Saturday, April 14, 2012

What is in a Name....... Brand?

As a mom, 

         you learn things along the road.  Valuable life lessons.  Money lessons.  Sometimes in-expensive is the best, sometimes expensive or costly is the best.  
There are a few things I have learned that it is better to spend the money once than a million times over.   

Example A:

                                         
Diaper Bags.   The Giraffe bag on the left is the brand new one we just bought that was a little costly.  The bag on the right, is a freebie that one of my dear friends gave us shortly after Zachary was born.  The new one is obviously bigger, which is great, but it's also sturdier, and comes with pockets and zippered hiding spots (OH MY FLIPPIN GOSH!) and a diaper changing pad and a plastic tiny misc. objects holder.    The freebie is torn to shreds inside(Literally I took a picture of that to, but when I went to upload it, apparently, I the dumb idiot made a video and not a picture.)  There were no inner pockets, and now there are.   Don't get me wrong, this plain black bag has lasted us 10 long months and can probably tell you stories to make you feel sorry for it!    

                                  However, that leads me back to my post on Name Brand products versus bargain shopping. Everyone that knows me, knows I am the Goodwill shopping center QUEEN!  If I was rich, I would be one of those Goodwill hoarding nic nacs, wind-chimed,  covered women in a cat sweater!  I am SO NOT KIDDING HERE FOLKS!  

                                  Anyways- There are certain things I feel that you should splurge on now, rather than re-purchase in the long run:   

Namely- Diaper Bags, these will be a constant companion so do yourself a favor and SPLURGE!   

CribsYes they are expensive, but, your child will most likely use this up to 2-3 years of age.  Unless they co-sleep, and if they do, I hate you, because my son shunned co-sleeping with me at 5 months old.  He is a brat.  

Any toy that your child gets put into- Swings, Jumperoos, Exersaucers, anything that holds your child, in my opinion should have the strength and safety level of a mothers arms.  That's my OPINION!  

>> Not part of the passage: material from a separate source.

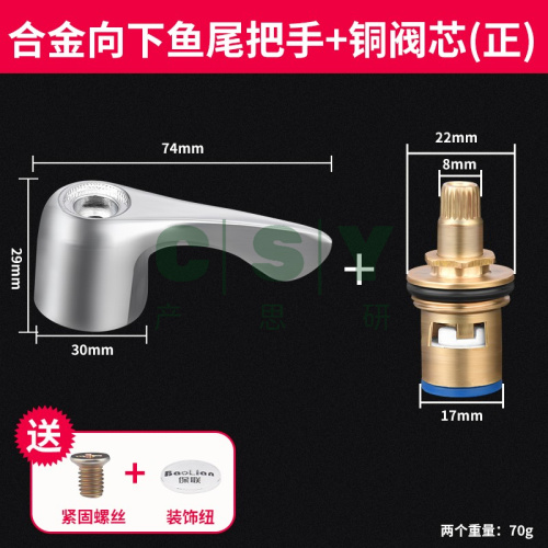 "水龙头阀芯阀门芯阀全铜单冷厨房洗手池把手开关把手手柄配件通用-【单冷】合金鱼尾把手+铜阀芯正(送螺丝和饰纽)"商品可能已被商家删除,您可查看其他相似商品!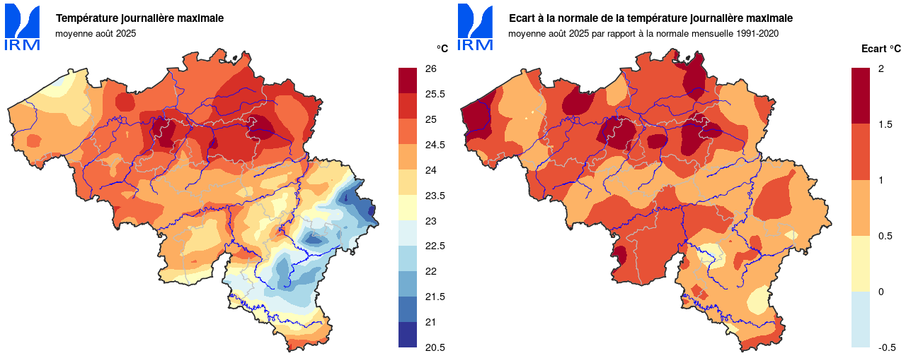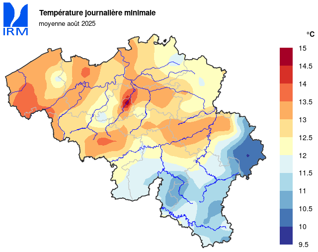 Sur l’ensemble de notre territoire, la température minimale la plus basse a été enregistrée le 25 août à Elsenborn (Bütgenbach) avec 0,0 °C. La température maximale la plus élevée a été enregistrée le 12 août à Dilbeek avec 35,0 °C.

Car SeatsThis is the one thing that you WILL depend on to SAVE your child's life in the event of a crash, and when your hubby falls down the stairs, with your sweet baby.    ANYTHING used to PROTECT your child should have quality standards and ALWAYS be up to date on ALL REQUIREMENTS!  That's the EXPERTS opinion. Most of the women I know are currently upgrading to big kid seats from their infant seats. Anyone unsure of the regulations please read this before purchasing a new seat.  http://www.ghsa.org/html/stateinfo/laws/childsafety_laws.html

                                     With that said, there are things that don't need to be costly. 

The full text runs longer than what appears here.